There are several aspects to usage policies on a large computers that is shared by many users and additional aspects for a facility
that relies on active support from its users for its maintenance. Therefore, the following items are grouped by their purpose.
If you have any questions or concerns, do not hesitate to contact the chair of the user committee; see the contact information.
Good User Behaviors
On a day-to-day basis, it is imperative that users run their code in a responsible fashion, so as not to hinder or damage other
users' code. To this end, the following rules must be followed at all times. To comply with many of these common sense rules might
require you to understand something about parallel computing or about the setup of the hardware and software of the machine. Do not
hesitate to contact the chair of the user committee as point-of-contact to ask questions or to report potential problems.
All users must use the batch submission system of the scheduler that is running on the user node to reserve compute nodes for
their use. You are not allowed to log in to the compute nodes for the purpose of running job directly there. For certain purposes,
interactive use of a node may be necessary; if you need this, please contact the chair of the user committee. Only users who need
this and who have received appropriate training are allowed interactive use of any compute node.
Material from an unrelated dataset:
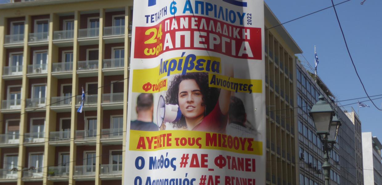 Κεντρικό σύνθημα της πανελλαδικής απεργίας που προκήρυξαν ΓΣΕΕ και ΑΔΕΔΥ το «ο μισθός δεν φτάνει, ο λογαριασμός δεν βγαίνει», με δεκάδες συνδικάτα του δημόσιου και του ιδιωτικού τομέα να ζητάνε άμεσα μέτρα στήριξης και αξιοπρεπούς διαβίωσης των νοικοκυριών και αυξήσεις στους μισθούς των εργαζομένων. Οπως αναφέρεται στο απεργιακό κάλεσμα της ΓΣΕΕ, εδώ και 14 χρόνια οι εργαζόμενοι σηκώνουν στις πλάτες τους τα βάρη μιας κρίσης που διαρκώς βαθαίνει και επηρέασε τα εισοδήματα, τα δικαιώματα αλλά και τις ζωές όλων.

Users will be notified by e-mail about issues related to the system, such as scheduled downtime, upgrades, etc. Such mail may
also include requests for information and feedback. Users are required to monitor the e-mail address on file with the chair of the
user committee and are required to respond to contacts. This is part of the active communication necessary for a shared resource such
as this to be used effectively by all users. Currently, the time slot for scheduled downtime is every Tuesday evening. This downtime
window may not be used every week, but users should plan their work accordingly. An effort will be made to send out an announcement
to inform of an actually scheduled downtime, but users should not rely on such notices.
IMPORTANT NOTE: If users are observed to violate any of the above rules or are behaving in any way that impacts other users' ability to
use the resource, the chair of the user committee has the right to terminate the users jobs and/or to suspend the user's account.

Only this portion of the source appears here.